Barbara Baraldi is an Italian mystery and fantasy writer.

== Biography ==
A native of Mirandola, she currently lives near Modena. Her debut novel is La ragazza dalle ali di serpente, published in 2007, under the pseudonym of Luna Lanzoni. As a noir fiction writer she received, for two consecutive years, the Marco Casacci Prizes with two short stories: "Dorothy non vuole morire" and "La sindrome felicità repulsiva". For her short novel Una storia da rubare she won the Premio Gran Giallo Città di Cattolica.

At the end of 2007 she published the novel La collezionista di sogni infranti (PerdisaPop) in a book series by Luigi Bernardi. Two of her novels, La bambola dagli occhi di cristallo and Il giardino dei bambini perduti, were published in 2008 by Mondadori on Il Giallo Mondadori Presenta. In 2009 she published the novel La casa di Amelia (PerdisaPop), a sequel to her previous work for the book series by Luigi Bernardi. The novel La casa dagli specchi rotti came out at the end of 2009 in an anthology inspired by the cinematographic Italian Giallo of Dario Argento published by Mondadori on Il Giallo Mondadori. In the first months of 2010 they are published two novels: Bambole pericolose on Il Giallo Mondadori and Lullaby - La ninna nanna della morte (Castelvecchi). In May 2010 Mondadori published her first urban fantasy novel in Italy: called Scarlett, it is set in Tuscany.

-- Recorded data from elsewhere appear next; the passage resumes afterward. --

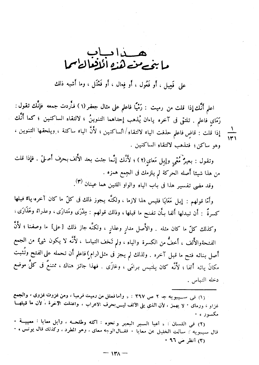 ذَلِك اعْلَم أَنَّك إِذا قلت من رميت رَمْياً فَاعْلَم على مِثَال جَعْفَر فأَردت جمعه فإِنَّك تَقول رَمَايٍ فَاعْلَم تلتقي فِي آخِره ياءان يُذهب إِحداهما التَّنْوِين لالتقاء الساكنين كَمَا أَنَّك إِذا قلت قاضٍ فَاعْلَم حذفت الياءَ لالتقاءِ / الساكنين لأَنَّ الياءَ سَاكِنة ويلحقها التَّنْوِين وَهُوَ سَاكن فتذهب لالتقاء الساكنين وَتقول بعيرٌ مُعْيٍ وإِبِل مَعايٍ لأَنَّك إِنما جِئْت بعد الأَلف بِحرف أَصليّ فإِذا قلت من هَذَا شَيْئا أَصله الْحَرَكَة لم يلزمك فِي الْجمع همزَة وَقد مضى تَفْسِير هَذَا فِي بَاب الياءِ وَالْوَاو اللَّتَيْنِ هما عينان وأَمَّا قَوْلهم إِبل مَعَايَا فَلَيْسَ هَذَا لَازِما ولكنَّه يجوز ذَلِك فِي كلّ مَا كَانَ آخِره يَاء قبلهَا كسرةٌ أَن تبدلها أَلفا بأَن تفتح مَا قبلهَا وَذَلِكَ قَوْلهم مِدرَى ومدارى وعَذراءُ وعَذَارَى وَكَذَلِكَ كلّ مَا كَانَ مثله والأَصل مدارٍ وعذارٍ ولكنًّه جَازَ ذَلِك {على} مَا وَصفنَا لأَنَّ الفتحة والأَلف أَخفُّ من الكسرة والياءِ وَلم تَخف التباسا لأَنَّه لَا يكون شيءٌ من الْجمع أَصل بنائِهِ فتح مَا قبل آخِره وَلذَلِك لم يجز فِي مثل (رامٍ) فَاعْلَم أَن تحمله على الْفَتْح وتُثبت مَكَان يائه أَلفا لأَنَّه كَانَ يلتبس برامَى وغازَى فَهَذَا جَائِز هُنَاكَ ممتنعٌ فِي كلِّ مَوضِع دخله التباس
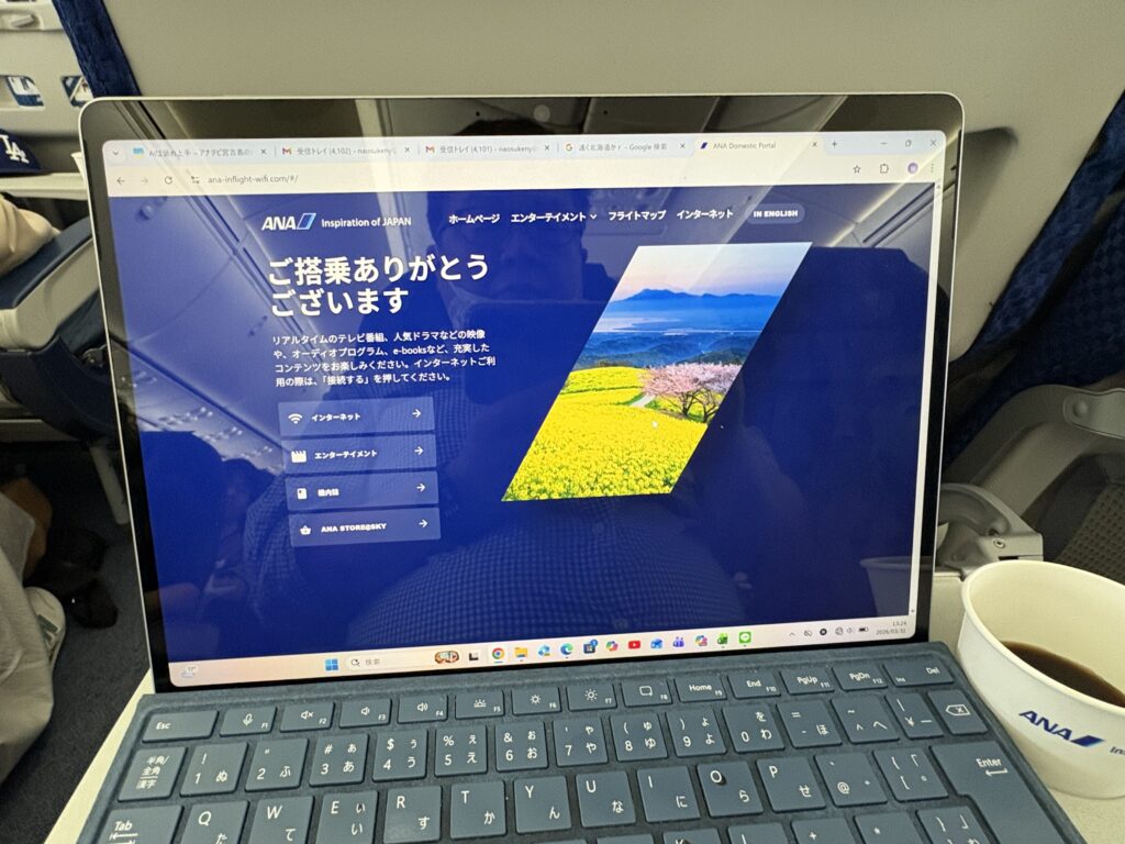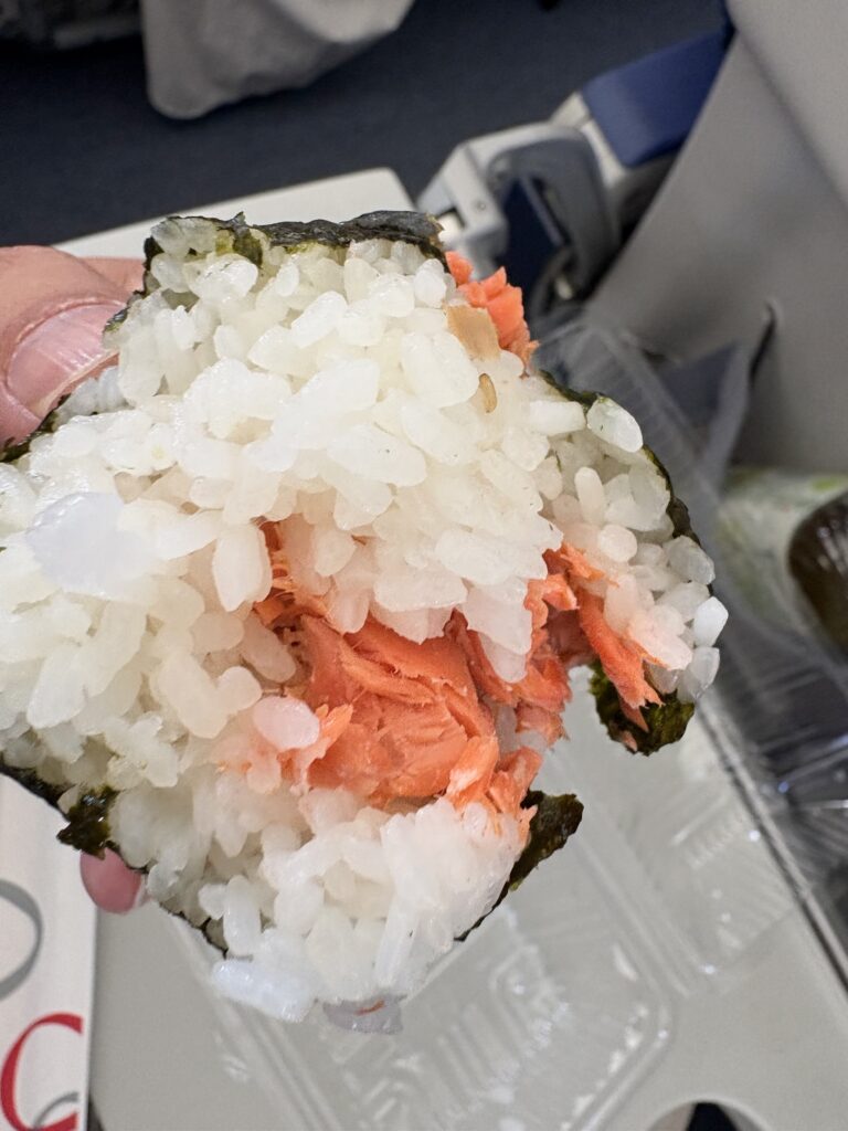 機内は満席近く、圧迫感があります。春休みなので家族連れが多いです。“満席に近い予約をいただいています。”とアナウンスがありましたが、隣りの席が空席でラッキーでした😃。昨日に続き昼ごはんは【権兵衛】の鮭と焼きたらこのおにぎり。しあわせな味です☺️。飛行中、揺れている時間が多くあまり仕事はできませんでした。
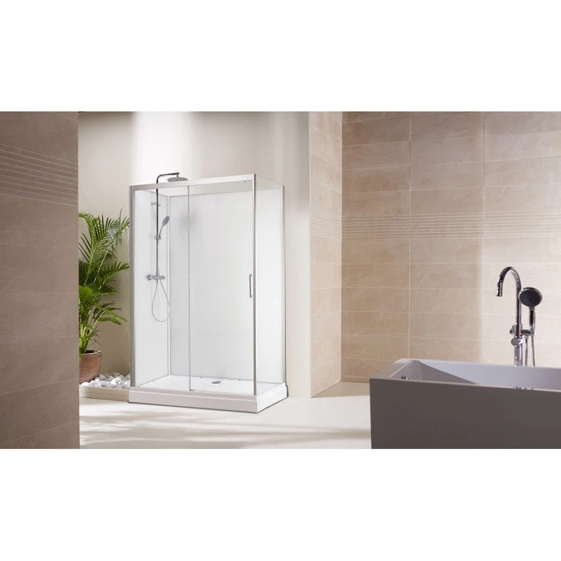 La gamme de cabines LANCASTER est disponible de 90 à 170 cm de large. Installation facile et SANS perçage, finitions hauts de gamme font de la LANCASTER un produit attractif : l’ensemble des parois est en verre trempé 8mm, traité avec notre anticalcaire de fabrication allemande. Les parois de fond sont en verre traité “Pur Blanc” et l’ensemble des profilés est anodisé pour une durabilité optimisée. Doté d’un système de fermeture des portes adouci “Soft Close” et d’un mitigeur thermostatique, d’une barre télescopique réglable en hauteur, d’une douchette haute large en Inox et de roulettes hautes doubles chariot métal, la LANCASTER est une cabine haut de gamme. Le receveur, en Acryl***, est renforcé par des pieds centraux additionnels et bénéficie d’un tablier déclipsables.
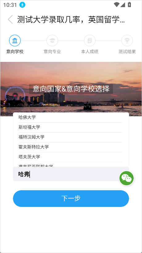 - 输入意向留学国家及目标学校名称。
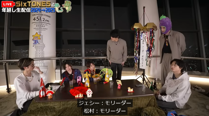 2023→2024、2024→2025の2年連続で、SixTONESは東京スカイツリー展望台から年越しYouTube生配信を実施。
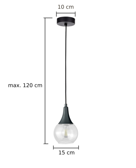 Lampa wisząca 1xE27 LACRIMA CLEAR BLACK
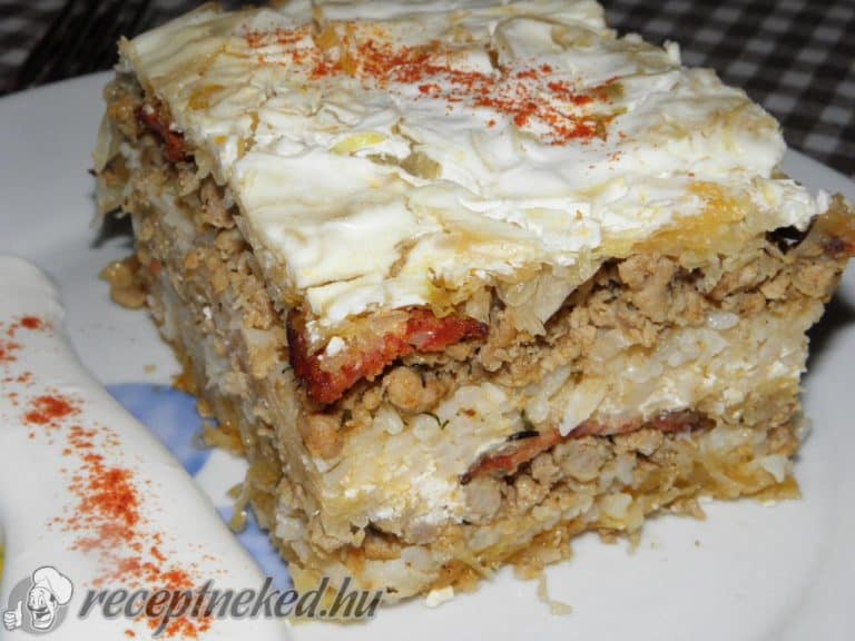 - Mély tűzálló edényt vagy lábast zsírral kikenünk, az aljára tesszük a káposzta egyharmadát, erre a szalonna és a kolbász egyharmadát, egy réteget a rizses darálthúsból, majd meglocsoljuk tejföllel. Ezután ugyanilyen sorrendben ismételjük a lerakást, végül befedjük a megmaradt káposztával. Megöntözzük a maradék tejföllel, meghintjük pirospaprikával, még egy kis olvasztott zsírral meglocsoljuk, öntsünk hozzá 1 csésze vizet és sütőben körübelül 1.5-2 óra hosszat süllögtetjük 365F-on.
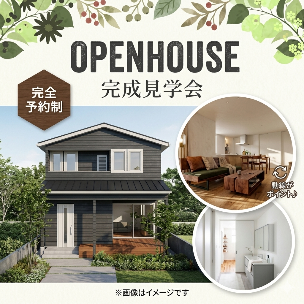 お施主様のご厚意により完成現場見学会を開催いたします。
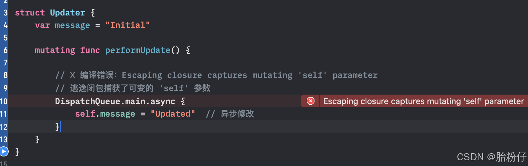 - mutating 方法实际会把 self 以 inout 的形式传进来, 因此 mutating 方法会对 self 要有数据独占性. 而如果如图 3 所示在逃逸闭包里修改 self, Swift 会认为你会在调用其他 mutating 方法时执行这个闭包, 那么对其他 mutating 方法而言就做不到 "数据独占" 了 (因为其他 mutating 函数里可能会出现同时向同一块内存写入的情况).
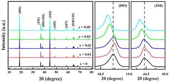 The structures and microscopic morphologies of Li[Ni0.6Co0.2Mn0.2]1−xGaxO2 materials were analyzed using an X-ray diffractometer (Rigaku, D/Max-2600-PC, Tokyo, Japan) and field emission scanning electron microscopy (FEI, Quanta-400F, Hillsboro, OR, USA), respectively. X-ray photoelectron spectroscopy (XPS) and energy dispersive X-ray (EDX) spectroscopy analysis for the sample with x = 0.02 were carried out in situ using an X-ray photoelectron spectrometer (PHI, 5000 Versaprobe II, Kanagawa, Japan) and a field emission transmission electron microscope (FEI, Tecnai G2 F30, Hillsboro, OR, USA), respectively. The electrochemical properties of the as-prepared materials were tested by galvanostatic charge–discharge test using CR2032 coin cells, in which the cathode electrodes, comprised of 80% active material, 10% Super P, and 10% poly(vinylidene fluoride) (PVdF), were pasted on porous Al foil; a Li metal chip was used as anode; 1 mol L−1 LiPF6/EC + DEC + DMC (volume ratio 1:1:1) was used as the electrolyte; and Celgard 2400 membrane (Charlotte, NC, USA) was used as the separator. The coin cells were assembled in a glove box (Etelux Lab2000, Etelux Inert Gas System (Beijing) Co., Ltd., Beijing, China) filled with argon and then installed on a land battery system (LANHE CT2001A, Wuhan Jinnuo Electronics Co., Ltd., Wuhan, China) to test the charge–discharge performance in the voltage range of 2.8–4.3 V. Electrochemical workstation (IM6eX, Zahner Elektrik GmbH & Co. KG, Kronach, Germany) was used to test the electrochemical impedance spectroscopy of the fully discharged cathode electrodes (2.8 V vs. Li/Li+), in which the frequency range was 100 mHz–100 KHz, and the AC amplitude was 5 mV. The thermal stability of Li[Ni0.6Co0.2Mn0.2]1−xGaxO2 materials (typical weight 6.2 mg) in the charged state (4.3 V, vs. Li/Li+) was analyzed with a differential scanning calorimeter (Q2000, TA Instruments, New Castle, DE, USA) under the following test conditions: nitrogen atmosphere; heating rate, 5 °C·min−1; and temperature range, 50–350 °C.
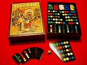 | 概要 | 5種類の宝石チップと、交換比率カード、得点カードが入っている。交換比率カードは 例えば「赤白=黄緑」「青青白=赤黄」のように交換内容が5種類書かれている。得点 カードは5つの宝石の色が書かれている。他にダイスが入っており、ダイスの5つの面 は宝石の色、残り1面はワイルドになっている。 プレイヤーはダイスを振って宝石を1個もらえ、交換比率カードの内容によって別な 宝石に替えることができる。また自分の持っている宝石5個が得点カードの宝石と一 致していれば得点カードを取ることができる。取った得点カードの得点がもっとも高い プレイヤーの勝ち。 |
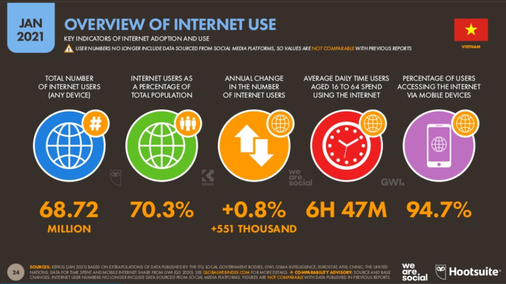 Tuy mới được hòa mạng Internet toàn cầu vào năm 1997, chỉ sau hơn 20 năm phát triển, đến nay Việt Nam đã thuộc top đầu các nước "có tương tác cao với Internet", là một trong 20 quốc gia "năng động nhất về Internet". Theo báo cáo toàn cảnh Digital Việt Nam của We Are Social và Hootsuite, đến tháng 1/2021, số người dùng Internet tại Việt Nam là 68,72 triệu người, chiếm 70.3% dân số; số người dùng mạng xã hội là 72 triệu, chiếm 73.7% dân số.
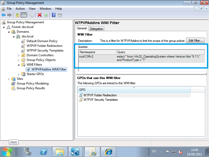 I wanted to cover here a bit more detail on the WMI Filter itself, (which is very simple) and also how to extend the functionality of the W7PP to other client operating systems.
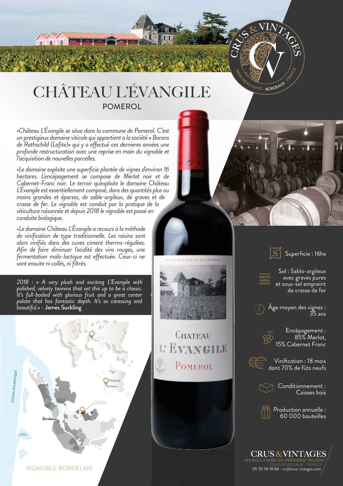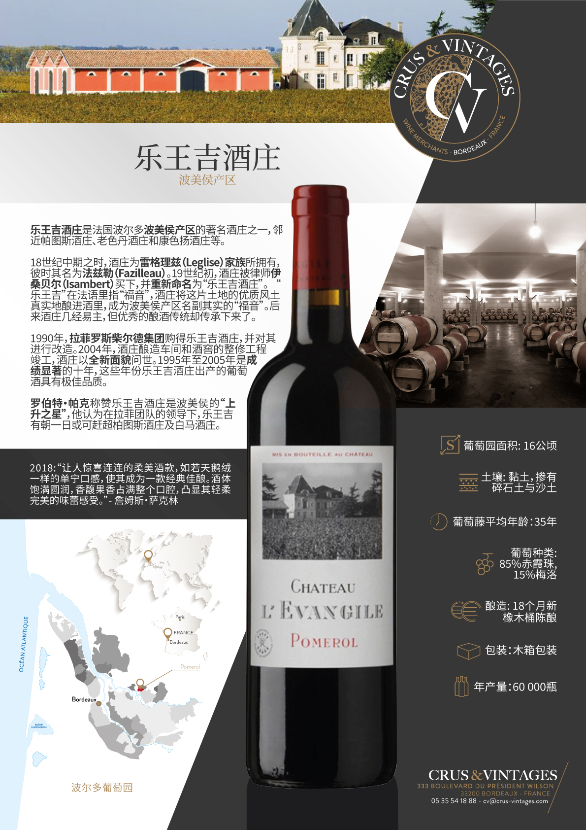 L'Evangile酒庄位于波美侯公社。 它是 属于 "Barons "公司的著名葡萄种植园 德-罗斯柴尔德(拉菲)",他在过去的几年里一直在建立一个 深刻的结构调整,重新回到葡萄园和 购置新的地块。
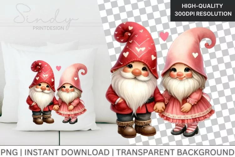 Cute Characters Collection Love-themed Gnomes Watercolor Gnome Art Romantic Gnome Clipart Cute Gnome Characters Digital Download Gnomes Valentine's Watercolor Art Valentine's Couple Clipart Cute Valentine's Collection Festive Love Gnomes
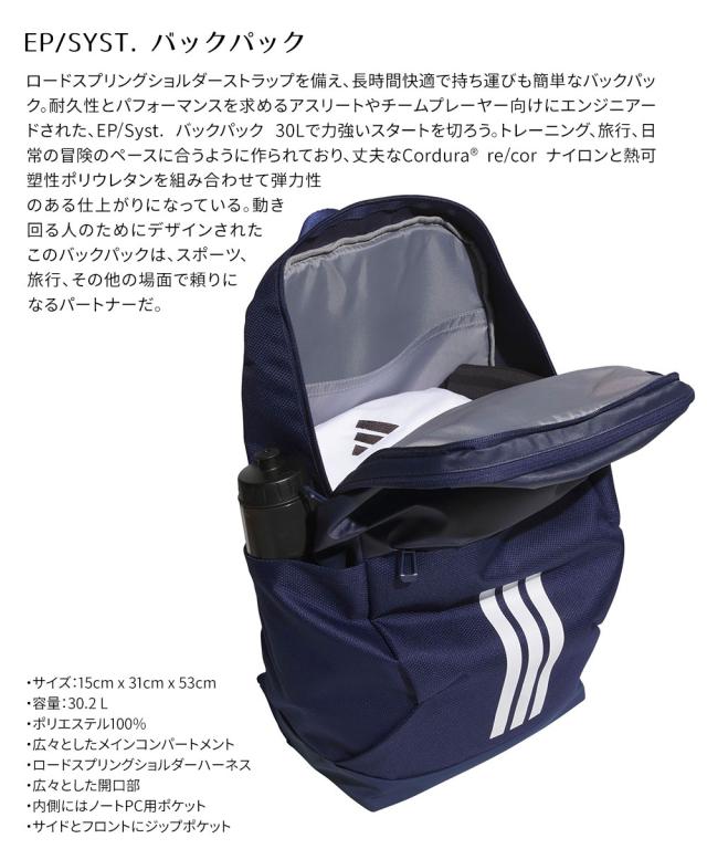 アディダス EP/Syst. バックパック 30L リュック ユニセックス 大容量 通勤 通学 部活 A4対応 PC収納 スポーツ トレーニング デイリー カジュアル 丈夫 軽量 撥水仕様 人気 シンプル 黒 ブラック 定番 adidas HM227
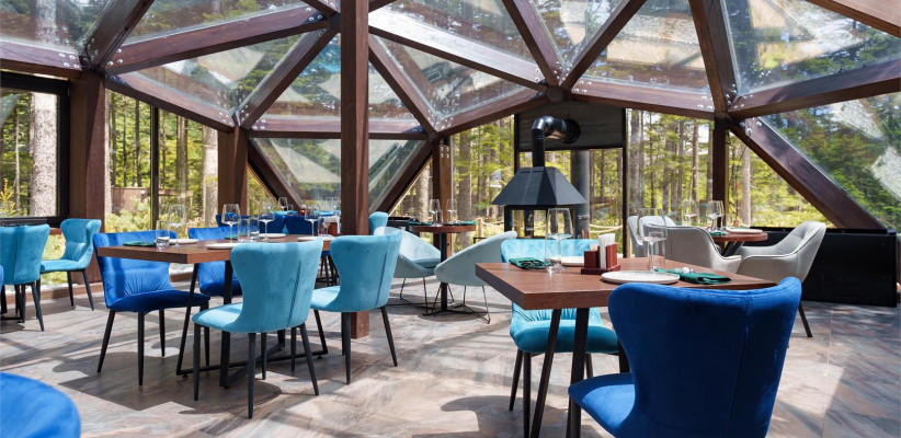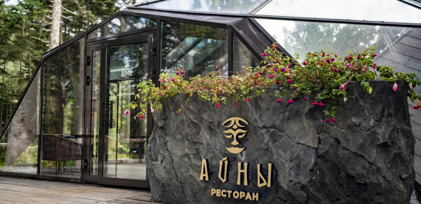 Ресторан «Айны» предлагает авторскую кухню Курильских островов с блюдами из свежих морепродуктов, дикорастущих трав и локальных ингредиентов, в эко-интерьере с панорамным видом на хвойный лес и гастрономическими ужинами
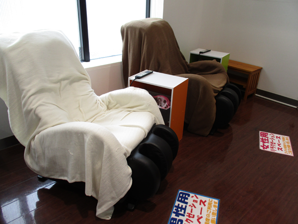 レストコーナーに設置してあるマッサージチェアなど、1日じっくりと楽しめるような設備も整っていた。
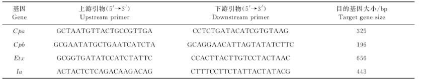 合成產(chǎn)氣莢膜梭菌分型引物(表1)。多重分型PCR體系(50μL):上、下游引物(共4對)各1μL,2×TaqMix酶25μL,模板2μL,去離子水15μL;PCR反應(yīng)程序:94℃預(yù)變性5 min;94℃變性30 s,53℃退火30 s,72℃延伸30 s,共30個循環(huán);72℃終延伸5 min。PCR產(chǎn)物經(jīng)1%的瓊脂糖凝膠電泳鑒定。
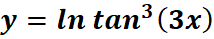 # 1st: Import the sympy module import sympy as sp # Import sympy for symbolic mathematics # 2nd: Define the variable x = sp.symbols('x') # Define 'x' as a symbolic variable # 3rd: Define the function y y = sp.ln(sp.tan(3*x)**3) # Define y = ln(tan(3x)^3) # 4th: Differentiate y with respect to x dy_dx = sp.diff(y, x) # Find the derivative of y with respect to x # 5th: Display the result print("The derivative of y with respect to x is:", dy_dx) # Output the derivative dy/dx
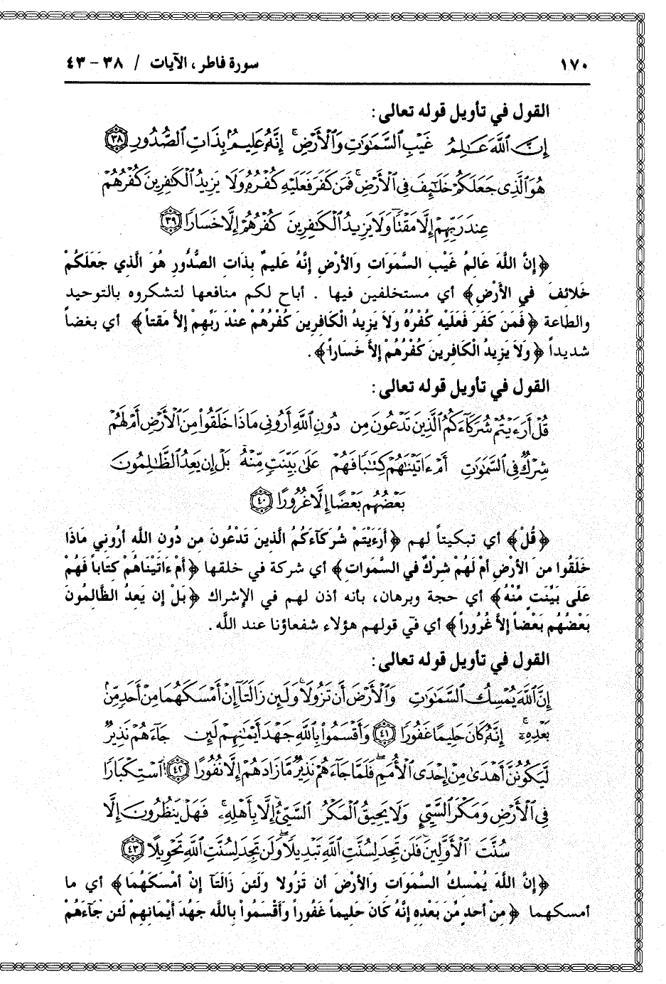 إِنَّ اللَّهَ يُمْسِكُ السَّماواتِ وَالْأَرْضَ أَنْ تَزُولا وَلَئِنْ زالَتا إِنْ أَمْسَكَهُما مِنْ أَحَدٍ مِنْ بَعْدِهِ إِنَّهُ كانَ حَلِيماً غَفُوراً (41) وَأَقْسَمُوا بِاللَّهِ جَهْدَ أَيْمانِهِمْ لَئِنْ جاءَهُمْ نَذِيرٌ لَيَكُونُنَّ أَهْدى مِنْ إِحْدَى الْأُمَمِ فَلَمَّا جاءَهُمْ نَذِيرٌ ما زادَهُمْ إِلاَّ نُفُوراً (42) اسْتِكْباراً فِي الْأَرْضِ وَمَكْرَ السَّيِّئِ وَلا يَحِيقُ الْمَكْرُ السَّيِّئُ إِلاَّ بِأَهْلِهِ فَهَلْ يَنْظُرُونَ إِلاَّ سُنَّتَ الْأَوَّلِينَ فَلَنْ تَجِدَ لِسُنَّتِ اللَّهِ تَبْدِيلاً وَلَنْ تَجِدَ لِسُنَّتِ اللَّهِ تَحْوِيلاً (43)
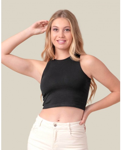 Crop-Top. Kragen und Armausschnitte aus demselben Stoff.

Her novel The Girl with the Crystal Eyes, published in the UK by John Blake Publishing, was well received by British critics

==Selected works==
===Works published in Britain===
- The Girl with the Crystal Eyes (John Blake Publishing, 2010) ISBN 978-1-84454-930-6

===Novels published in Italy===
- La ragazza dalle ali di serpente (Zoe, 2007)
- La collezionista di sogni infranti (PerdisaPop, 2007)
- La bambola dagli occhi di cristallo (Mondadori, 2008)
- Il giardino dei bambini perduti (Mondadori, 2008)
- La casa di Amelia (PerdisaPop, 2009)
- Bambole pericolose (Mondadori, 2010)
- Lullaby, la ninna nanna della morte (Castelvecchi, 2010)
- Scarlett (Mondadori, 2010)
- Aurora nel buio (Giunti, 2017)
- Osservatore oscuro (Giunti, 2018)
- L'ultima notte di Aurora (Giunti, 2019)
- La stagione dei ragni (Giunti, 2021)
- Cambiare le ossa (Giunti, 2022)
- Gli omicidi dei tarocchi (Giunti, 2025)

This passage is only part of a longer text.